[PROBLEM STATEMENT]: Given these entries, repeat exactly the lines starting with the one that has "Meanwhile, the same" and going on through the one that has "2025年10月26日10時", both included, but none of the pictures.

#### MATERIAL FOR THIS EXERCISE ####

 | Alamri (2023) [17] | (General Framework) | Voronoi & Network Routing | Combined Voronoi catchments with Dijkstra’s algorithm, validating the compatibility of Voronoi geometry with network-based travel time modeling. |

####
#### MATERIAL FOR THIS EXERCISE ####

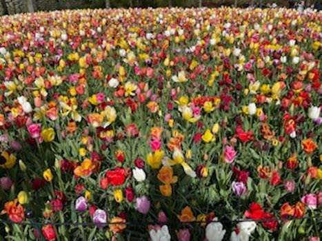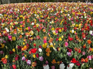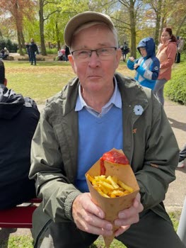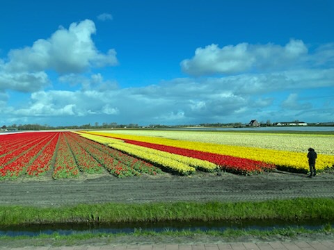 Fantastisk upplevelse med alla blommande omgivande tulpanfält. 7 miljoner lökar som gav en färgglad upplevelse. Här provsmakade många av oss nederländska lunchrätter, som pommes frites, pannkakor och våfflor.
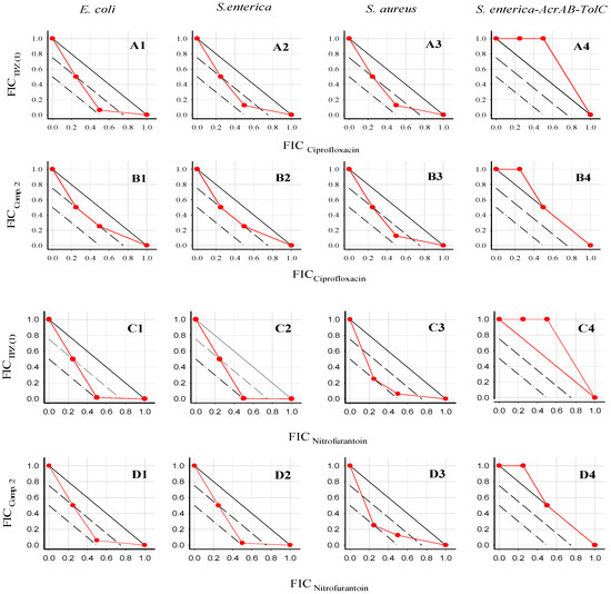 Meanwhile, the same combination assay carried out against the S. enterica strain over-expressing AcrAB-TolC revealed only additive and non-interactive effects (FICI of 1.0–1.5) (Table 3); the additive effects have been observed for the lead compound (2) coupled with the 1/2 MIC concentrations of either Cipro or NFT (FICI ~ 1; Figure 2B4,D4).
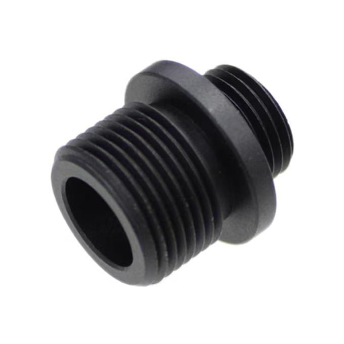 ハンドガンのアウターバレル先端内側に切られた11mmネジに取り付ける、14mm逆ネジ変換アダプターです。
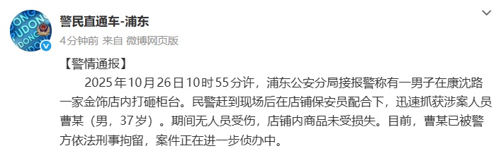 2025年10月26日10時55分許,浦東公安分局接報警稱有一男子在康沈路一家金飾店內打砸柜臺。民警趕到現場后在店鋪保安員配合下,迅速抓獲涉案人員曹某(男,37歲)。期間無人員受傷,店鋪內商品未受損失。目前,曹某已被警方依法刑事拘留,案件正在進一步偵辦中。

####

[SOLUTION FOR THIS TASK]:
 Meanwhile, the same combination assay carried out against the S. enterica strain over-expressing AcrAB-TolC revealed only additive and non-interactive effects (FICI of 1.0–1.5) (Table 3); the additive effects have been observed for the lead compound (2) coupled with the 1/2 MIC concentrations of either Cipro or NFT (FICI ~ 1; Figure 2B4,D4).
 ハンドガンのアウターバレル先端内側に切られた11mmネジに取り付ける、14mm逆ネジ変換アダプターです。
 2025年10月26日10時55分許,浦東公安分局接報警稱有一男子在康沈路一家金飾店內打砸柜臺。民警趕到現場后在店鋪保安員配合下,迅速抓獲涉案人員曹某(男,37歲)。期間無人員受傷,店鋪內商品未受損失。目前,曹某已被警方依法刑事拘留,案件正在進一步偵辦中。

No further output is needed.